Creed was already on the move, heading toward the road, swiftly, silently, using what cover there was to keep himself out of Castano's sight. Kid's second shot went through the windshield, shattering it into thousands of pieces and spooking Castano into pushing the woman away from him. The Colombian dove underneath the truck. Creed saw him scramble across the road on the other side and take off running down the mountain.

Kid's third shot caught Castano in the shoulder, and the guy fell, tumbling and rolling down the steep slope.

Creed cleared the first stretch of road and kept running, ignoring the pain shooting up into his hip.

Leaping off the next embankment, he landed on his weak leg and stumbled, but righted himself and kept going.

Castano had barely made it to his feet when Creed caught him and brought him down hard. The two of them slid a dozen yards, grappling, before they came to a halt.

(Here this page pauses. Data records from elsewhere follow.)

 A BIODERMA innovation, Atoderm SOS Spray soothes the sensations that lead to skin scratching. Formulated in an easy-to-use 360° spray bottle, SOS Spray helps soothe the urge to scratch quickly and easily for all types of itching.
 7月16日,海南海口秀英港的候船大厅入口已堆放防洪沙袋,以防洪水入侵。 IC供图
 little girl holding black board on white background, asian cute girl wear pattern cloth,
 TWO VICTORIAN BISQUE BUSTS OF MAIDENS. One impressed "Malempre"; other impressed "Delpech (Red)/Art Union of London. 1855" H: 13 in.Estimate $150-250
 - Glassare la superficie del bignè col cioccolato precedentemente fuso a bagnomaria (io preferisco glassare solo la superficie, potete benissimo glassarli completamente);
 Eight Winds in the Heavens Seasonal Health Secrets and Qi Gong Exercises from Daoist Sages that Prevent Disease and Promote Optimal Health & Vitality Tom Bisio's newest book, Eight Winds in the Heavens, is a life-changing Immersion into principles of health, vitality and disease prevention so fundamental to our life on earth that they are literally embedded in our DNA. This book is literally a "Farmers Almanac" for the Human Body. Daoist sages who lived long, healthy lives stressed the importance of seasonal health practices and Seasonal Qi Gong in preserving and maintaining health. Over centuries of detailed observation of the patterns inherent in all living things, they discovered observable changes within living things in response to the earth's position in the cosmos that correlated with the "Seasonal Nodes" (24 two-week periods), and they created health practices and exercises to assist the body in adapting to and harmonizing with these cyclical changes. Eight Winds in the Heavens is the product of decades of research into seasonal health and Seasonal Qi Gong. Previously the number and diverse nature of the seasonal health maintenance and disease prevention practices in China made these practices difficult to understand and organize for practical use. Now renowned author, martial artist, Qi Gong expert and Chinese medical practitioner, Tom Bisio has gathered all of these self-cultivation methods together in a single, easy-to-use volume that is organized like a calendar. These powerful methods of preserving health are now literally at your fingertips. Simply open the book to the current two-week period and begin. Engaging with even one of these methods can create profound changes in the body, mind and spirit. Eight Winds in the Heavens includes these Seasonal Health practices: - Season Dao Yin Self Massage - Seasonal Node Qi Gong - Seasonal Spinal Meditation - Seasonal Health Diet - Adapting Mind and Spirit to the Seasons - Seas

With lightning-quick skill, Creed cut the Colombian twice, trapping his wrist and slicing through tendons, then reaching down and severing the bastard's femoral artery at the groin. Each cut took less than a second to make. Both of them were executed with a razor-sharp, seven-inch blade. The man's gun fell from his disabled grip, and Creed picked it up and threw it farther away.

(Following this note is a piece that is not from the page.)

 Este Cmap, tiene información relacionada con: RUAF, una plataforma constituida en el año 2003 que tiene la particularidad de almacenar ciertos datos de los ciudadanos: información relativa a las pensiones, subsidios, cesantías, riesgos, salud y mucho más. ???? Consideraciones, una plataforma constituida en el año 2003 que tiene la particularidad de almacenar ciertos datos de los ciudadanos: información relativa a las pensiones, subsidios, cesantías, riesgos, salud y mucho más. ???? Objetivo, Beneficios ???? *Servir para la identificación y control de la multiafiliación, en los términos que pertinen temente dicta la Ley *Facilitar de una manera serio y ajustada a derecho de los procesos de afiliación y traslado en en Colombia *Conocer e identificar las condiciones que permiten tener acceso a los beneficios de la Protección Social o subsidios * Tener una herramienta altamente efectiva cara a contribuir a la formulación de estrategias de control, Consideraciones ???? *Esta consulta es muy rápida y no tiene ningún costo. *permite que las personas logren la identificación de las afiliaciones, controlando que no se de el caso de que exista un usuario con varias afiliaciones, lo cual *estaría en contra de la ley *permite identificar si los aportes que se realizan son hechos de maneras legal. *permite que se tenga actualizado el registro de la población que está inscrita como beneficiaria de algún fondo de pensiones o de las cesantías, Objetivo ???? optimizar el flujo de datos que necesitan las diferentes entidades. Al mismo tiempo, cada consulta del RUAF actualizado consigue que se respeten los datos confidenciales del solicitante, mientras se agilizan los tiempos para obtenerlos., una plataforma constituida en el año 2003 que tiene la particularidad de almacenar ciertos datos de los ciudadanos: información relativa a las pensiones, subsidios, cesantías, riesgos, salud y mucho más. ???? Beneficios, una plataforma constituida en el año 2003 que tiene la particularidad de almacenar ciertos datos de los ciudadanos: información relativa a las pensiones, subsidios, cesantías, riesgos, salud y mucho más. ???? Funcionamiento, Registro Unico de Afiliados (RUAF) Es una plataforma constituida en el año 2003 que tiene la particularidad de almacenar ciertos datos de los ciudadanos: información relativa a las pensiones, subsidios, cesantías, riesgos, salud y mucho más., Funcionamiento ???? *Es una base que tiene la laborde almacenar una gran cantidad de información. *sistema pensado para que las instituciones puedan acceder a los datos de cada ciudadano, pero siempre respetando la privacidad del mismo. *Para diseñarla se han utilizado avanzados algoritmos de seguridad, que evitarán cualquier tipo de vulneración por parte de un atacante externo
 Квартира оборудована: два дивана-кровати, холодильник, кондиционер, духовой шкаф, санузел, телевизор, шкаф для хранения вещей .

Breathing heavily, his heart racing, Creed set the tip of his knife above Castano's heart and watched terror flood into the other man's eyes.

He knew this man—his flattened, broken nose, the scar that ran from the corner of his mouth—knew his pockmarked face from endless nights of beatings and torture. Pablo Castano had been his and J.T.'s jailer. He'd been one of the men who had taken his knife to J.T.—and for that, he would die by the knife, slowly, with all the skill and ferocity at Creed's command.

He pressed the blade down and felt the thin layer of Castano's skin give way.

The man's breath caught on a muffled groan and with a surge of strength, he pushed Creed back and rolled out from under him. Creed was on him again in an instant, holding him down, putting his knife to the rebel's throat.

Darkness moved farther up the slope with every passing second, sliding over them like a veil, taking the last of the light from the sky. Above them, up on the road, Creed could hear the woman praying for mercy, and he knew her prayers would be answered. But there would be no mercy down here on the side of the mountain—and no cold revenge. Everything inside him was hot, burning through him, setting his heart on fire.

From somewhere deep in his memories, a terrible sound came to him: a keening death cry, the scream of a man in agony beyond what he could bear. It echoed in Creed's mind, over and over again, making his hands shake.

He tightened his grip on the knife, tightened his fist in Castano's hair, and pulled the man's head back. The Colombian tried to struggle, but was weakening beneath him. Creed had cut him deep, making a river out of his blood—still, it wasn't enough.

Slowly, carefully, he increased the pressure of his blade on Castano's throat and just as slowly, lowered his mouth to the Colombian's ear. An awful pain lodged in his chest, making his words hard to speak, making his voice harsh—yet no harsher than the deed he was about to commit.


Dile al diablo
. . .” he whispered, “
que fue Creed Rivera quien te quitó tu vida.

Tell the devil it was Creed Rivera who took your life.